**Supplied records**:

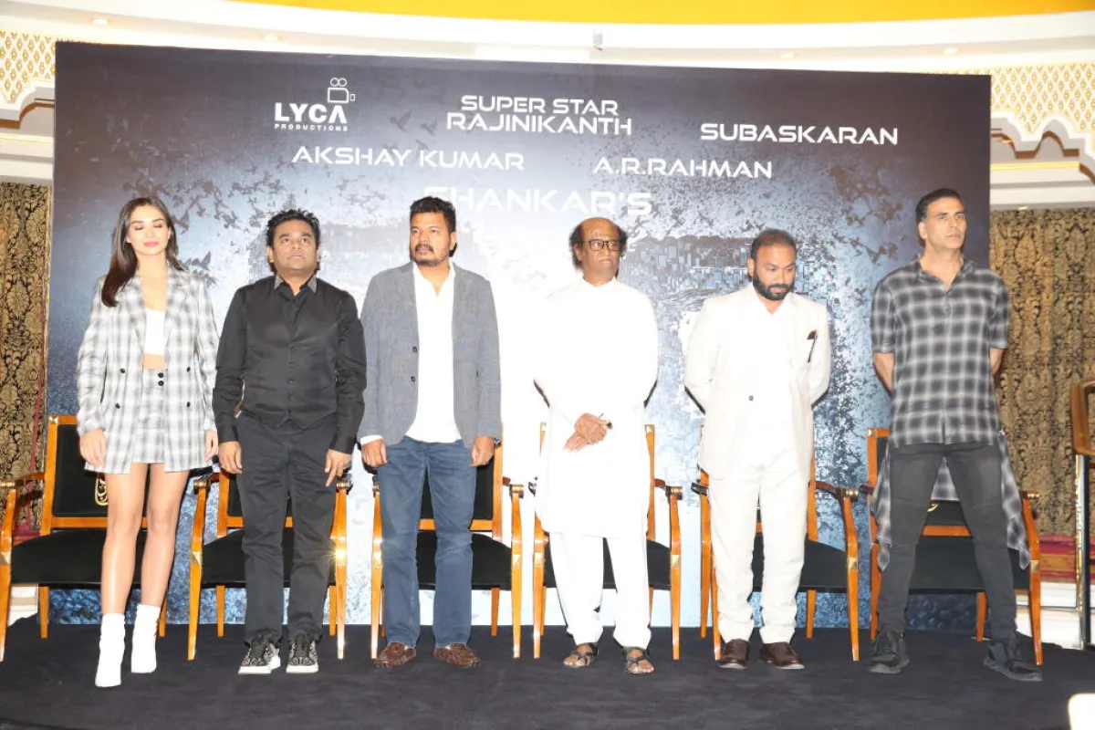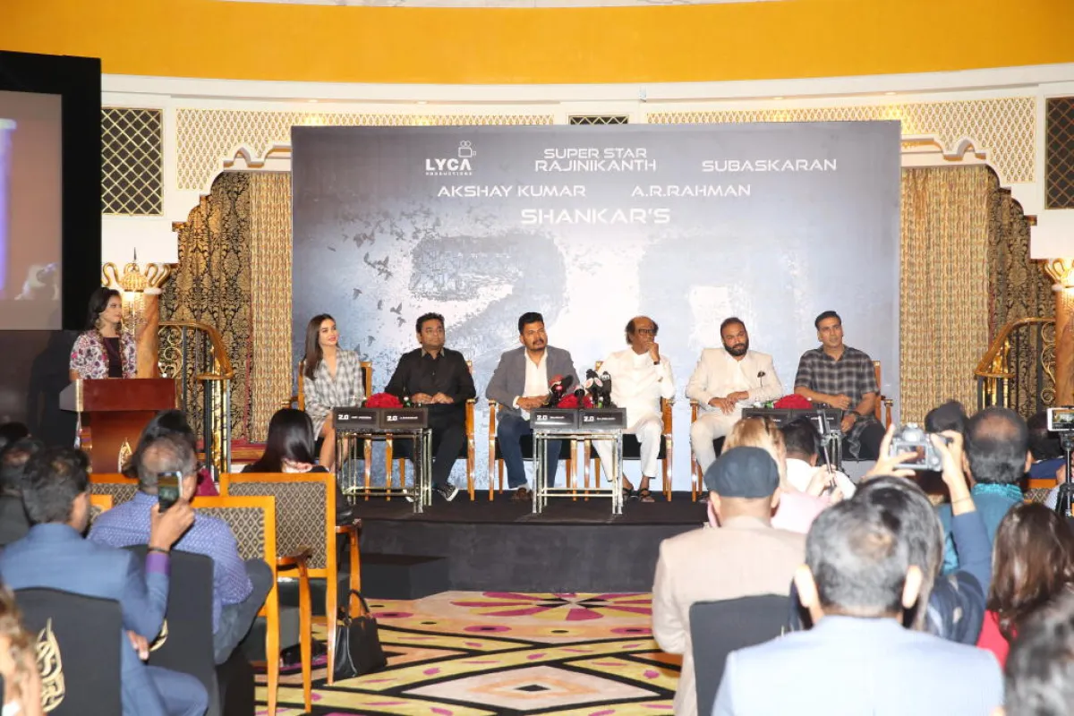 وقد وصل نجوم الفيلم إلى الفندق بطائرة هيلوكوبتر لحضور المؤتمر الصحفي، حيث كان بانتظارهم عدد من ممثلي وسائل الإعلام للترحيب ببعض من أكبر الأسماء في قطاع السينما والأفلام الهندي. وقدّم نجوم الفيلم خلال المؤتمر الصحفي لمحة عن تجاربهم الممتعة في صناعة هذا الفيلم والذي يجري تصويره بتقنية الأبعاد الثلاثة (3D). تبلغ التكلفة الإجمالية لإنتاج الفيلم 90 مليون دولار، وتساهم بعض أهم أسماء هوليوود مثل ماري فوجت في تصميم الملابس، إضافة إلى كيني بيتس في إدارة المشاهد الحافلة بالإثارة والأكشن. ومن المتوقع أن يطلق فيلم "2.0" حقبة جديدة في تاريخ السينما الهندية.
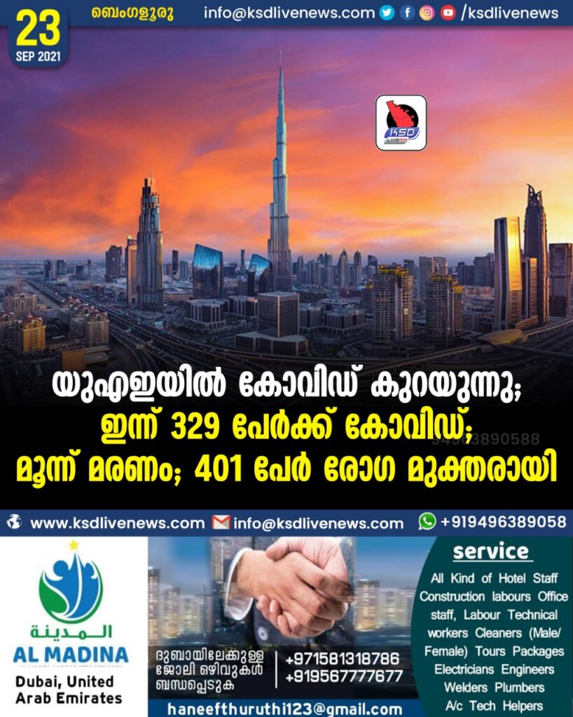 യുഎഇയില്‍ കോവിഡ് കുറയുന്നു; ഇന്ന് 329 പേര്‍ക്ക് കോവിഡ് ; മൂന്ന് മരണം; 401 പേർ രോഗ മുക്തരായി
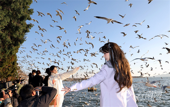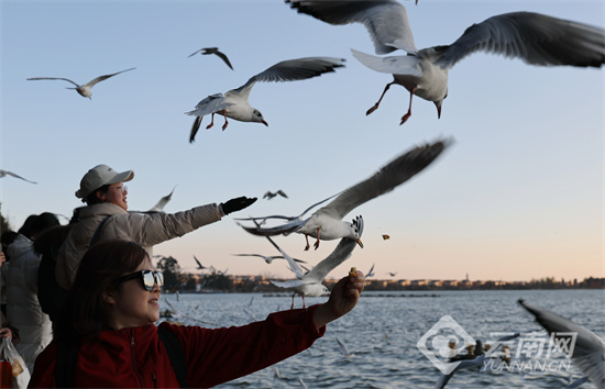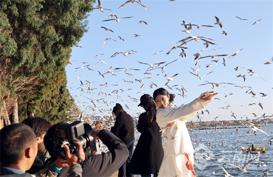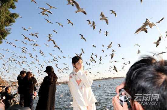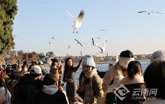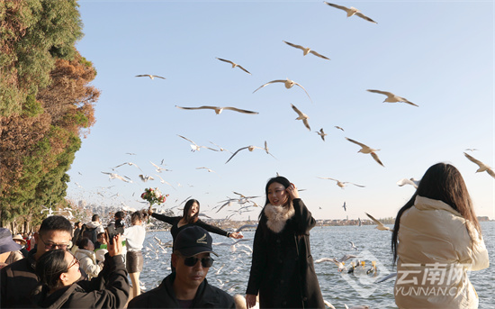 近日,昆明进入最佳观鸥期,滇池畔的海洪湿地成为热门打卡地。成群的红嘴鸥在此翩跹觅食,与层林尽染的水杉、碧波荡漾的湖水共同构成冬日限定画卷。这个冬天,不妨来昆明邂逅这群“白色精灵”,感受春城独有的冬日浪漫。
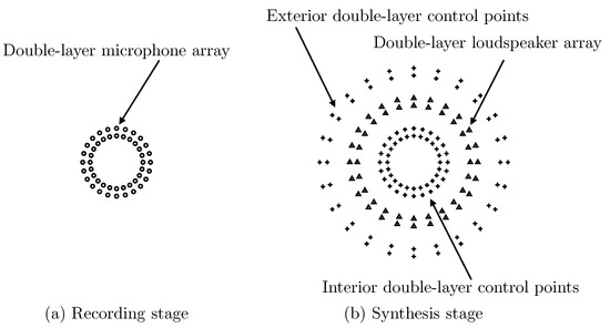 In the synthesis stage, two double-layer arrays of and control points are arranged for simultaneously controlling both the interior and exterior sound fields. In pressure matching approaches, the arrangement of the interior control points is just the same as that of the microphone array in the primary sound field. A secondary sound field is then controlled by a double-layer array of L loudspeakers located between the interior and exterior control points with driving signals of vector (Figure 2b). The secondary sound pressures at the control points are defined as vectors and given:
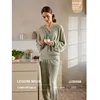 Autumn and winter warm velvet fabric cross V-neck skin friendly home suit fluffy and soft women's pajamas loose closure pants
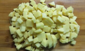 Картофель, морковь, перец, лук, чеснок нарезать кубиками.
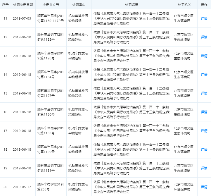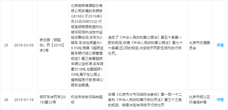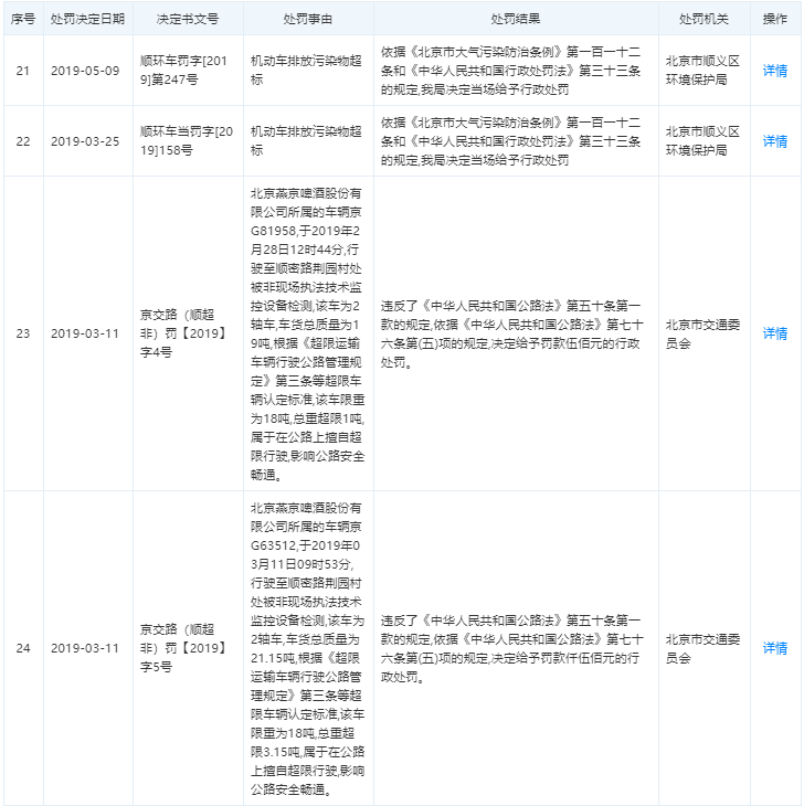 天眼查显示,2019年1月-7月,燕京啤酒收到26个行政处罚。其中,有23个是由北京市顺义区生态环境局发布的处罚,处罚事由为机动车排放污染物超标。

**Problem requirements**: Print every entry exactly; omit the pictures.

**The completed task**:
 وقد وصل نجوم الفيلم إلى الفندق بطائرة هيلوكوبتر لحضور المؤتمر الصحفي، حيث كان بانتظارهم عدد من ممثلي وسائل الإعلام للترحيب ببعض من أكبر الأسماء في قطاع السينما والأفلام الهندي. وقدّم نجوم الفيلم خلال المؤتمر الصحفي لمحة عن تجاربهم الممتعة في صناعة هذا الفيلم والذي يجري تصويره بتقنية الأبعاد الثلاثة (3D). تبلغ التكلفة الإجمالية لإنتاج الفيلم 90 مليون دولار، وتساهم بعض أهم أسماء هوليوود مثل ماري فوجت في تصميم الملابس، إضافة إلى كيني بيتس في إدارة المشاهد الحافلة بالإثارة والأكشن. ومن المتوقع أن يطلق فيلم "2.0" حقبة جديدة في تاريخ السينما الهندية.
 യുഎഇയില്‍ കോവിഡ് കുറയുന്നു; ഇന്ന് 329 പേര്‍ക്ക് കോവിഡ് ; മൂന്ന് മരണം; 401 പേർ രോഗ മുക്തരായി
 近日,昆明进入最佳观鸥期,滇池畔的海洪湿地成为热门打卡地。成群的红嘴鸥在此翩跹觅食,与层林尽染的水杉、碧波荡漾的湖水共同构成冬日限定画卷。这个冬天,不妨来昆明邂逅这群“白色精灵”,感受春城独有的冬日浪漫。
 In the synthesis stage, two double-layer arrays of and control points are arranged for simultaneously controlling both the interior and exterior sound fields. In pressure matching approaches, the arrangement of the interior control points is just the same as that of the microphone array in the primary sound field. A secondary sound field is then controlled by a double-layer array of L loudspeakers located between the interior and exterior control points with driving signals of vector (Figure 2b). The secondary sound pressures at the control points are defined as vectors and given:
 Autumn and winter warm velvet fabric cross V-neck skin friendly home suit fluffy and soft women's pajamas loose closure pants
 Картофель, морковь, перец, лук, чеснок нарезать кубиками.
 天眼查显示,2019年1月-7月,燕京啤酒收到26个行政处罚。其中,有23个是由北京市顺义区生态环境局发布的处罚,处罚事由为机动车排放污染物超标。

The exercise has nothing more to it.